— Дьявол меня забери! Все время забываю об этом.
— Мы будем лучшими друзьями, сударь, если вы потрудитесь запомнить, — последовал спокойный ответ.
Вспышка гнева блеснула в темных глазах и тут же погасла. Пюизе пожал плечами и еще раз махнул рукой. Он был щедр на жесты.
— Хорошо! Запомню.
Он взял налитый для него бокал, подержал его на свету чтобы оценить цвет вина, затем залпом выпил и с довольным видом причмокнул губами.
— Помимо всего прочего, вам и служат хорошо. Никогда бы не подумал, что в Англии можно найти такое превосходное вино. Оно сделано из винограда, лет десять, а то и больше назад выросшего на берегах Гаронны — И поскольку Кантэн, казалось, не понял намека, Пюизе протянул руку за графином и до краев наполнил свой бокал — Но вернемся к нашему делу, Вам не следует воображать, что во Франции, даже до вступления в наследство, вы будете в безопасности. Как только вы заявите о своих правах, вас закуют в кандалы и бросят в тележку смертников.
— А закон?
— Вы полагаете, что во Франции существует закон? О, разумеется, он существует. Но тот, кто доверяет ему, ходит по краю трясины. Содержание статута гроша ломаного не стоит, когда его проведение в жизнь зависит от негодяев. Они будут трактовать его по своему усмотрению. На это и рассчитывали ваши милые кузены.
— Но, — возразил Кантэн, — если я буду устранен, что по вашим предположениям входит в их цели, то как эмигранты они не смогут претендовать на наследство. Оно должно быть конфисковано.
— Должно. И все имения пойдут с молотка как национальная собственность. Но ваши кузены поступят так, как я советую поступить вам. Среди французских властей полно корыстных, жадных до взяток негодяев, которые наживаются на бедствиях родины; людей, готовых действовать в качестве тайных агентов законных владельцев конфискованного имущества. Если бы оно рассеялось по частям, вновь собрать его после восстановления монархии было бы непросто. Чтобы избежать этого, агенты одалживают законным владельцам свое имя и покупают для них принадлежавшие им имения по чисто символическим ценам. Невероятное обесценивание бумажных денег Республики делает подобные махинации вполне доступными для всех, у кого есть хоть немного золота. Купив имение, — разумеется, как бы для себя, — такой негодяй вернет его, когда закончится весь этот кошмар. Полагаю, ваши кузены имеют преданного слугу в лице дворецкого Шавере. Они, конечно, отблагодарят его за деньги, которыми он бесчестно снабжал их из средств покойного Этьена. Как видите я хорошо осведомлен. Не сомневаюсь, что этот малый найдет им подходящего агента и сумеет все уладить.
— Вы действительно хорошо осведомлены.
Голос Кантэна выдал его удивление тем, что посторонний человек так близко знаком с делами семейства Шавере. Но догадку Пюизе относительно намерений братьев де Шеньер он счел на редкость точной. Она полностью объясняла все, что так озадачивало его в их поведении.

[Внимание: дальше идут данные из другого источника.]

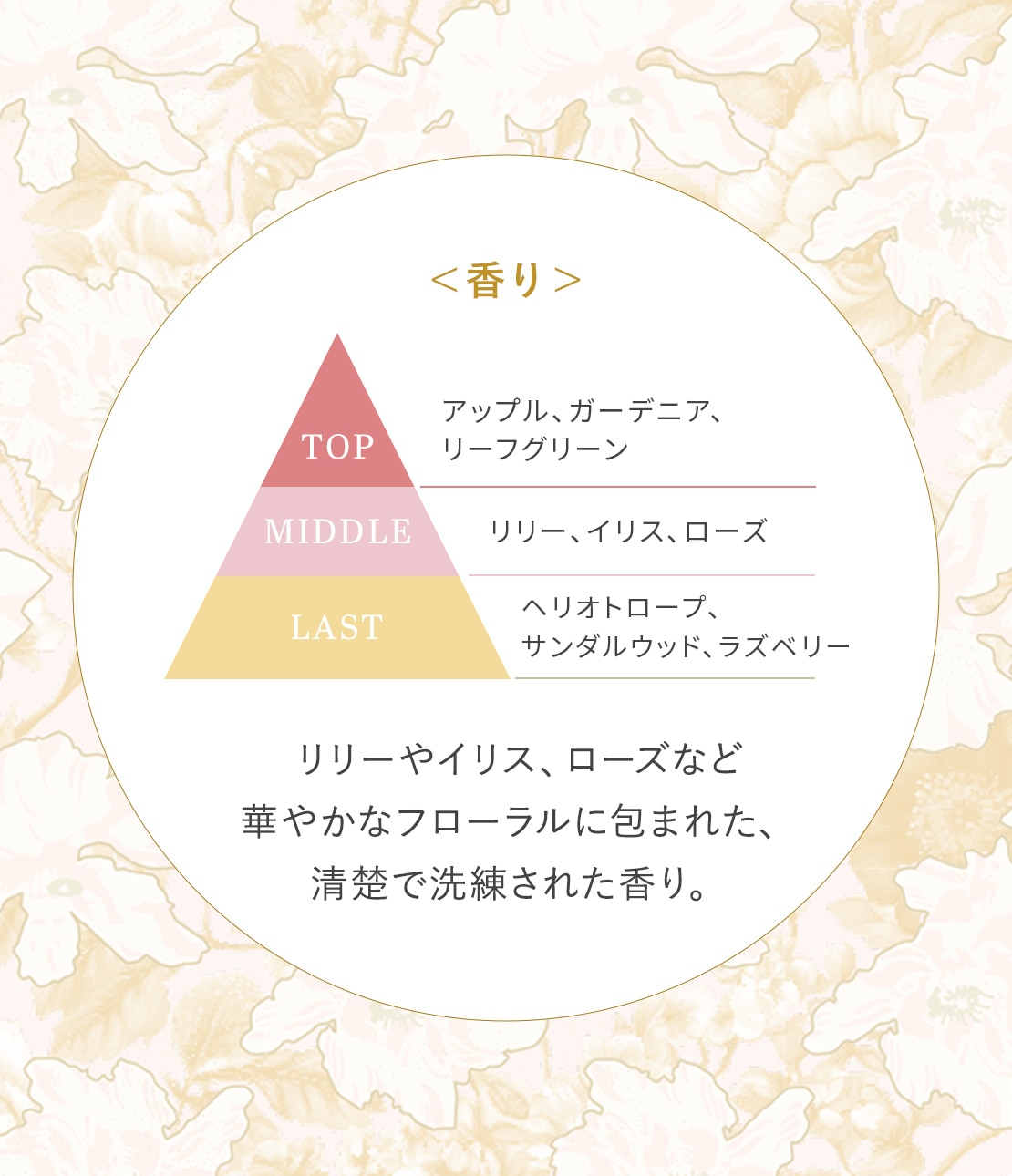 リリーやイリス、ローズなど華やかなフローラルに包まれた、清楚で洗練された香り。

Пюизе внимательно вглядывался в задумчивое, нахмуренное лицо молодого человека.
— Если вы решитесь воспользоваться такой возможностью, у вас гора с плеч свалится.
— Но кто мне в этом поможет? Где мне искать во Франции подходящего человека?
— Здесь я, пожалуй, могу быть вам полезен. Поверьте, я буду только рад. На днях я возвращаюсь в Бретань проверить, все ли готово к восстанию. Мне не составит труда съездить в Анжер и договориться о покупке поместий по истечении срока, установленного законом для вашего возвращения. Я уверен, что недалеко то время, когда мы отправим санкюлотов [Санкюлоты — крайние революционеры, наиболее активные элементы городской бедноты] ко всем чертям, и вы сможете лично вступить в права владения наследством. Что вы на это скажете?
— Скажу, что вы меня поражаете, — откровенно признался Кантэн, сознавая, что не выразил и малой доли охвативших его чувств. — Такое внимание к совершенно незнакомому человеку...
— Я бы попросил вас не называть себя так, — подчеркнуто выразительно проговорил Пюизе. — Черт возьми! Разве то, что я — старинный друг родственников вашей матушки и самой вашей матушки, ничего не значит?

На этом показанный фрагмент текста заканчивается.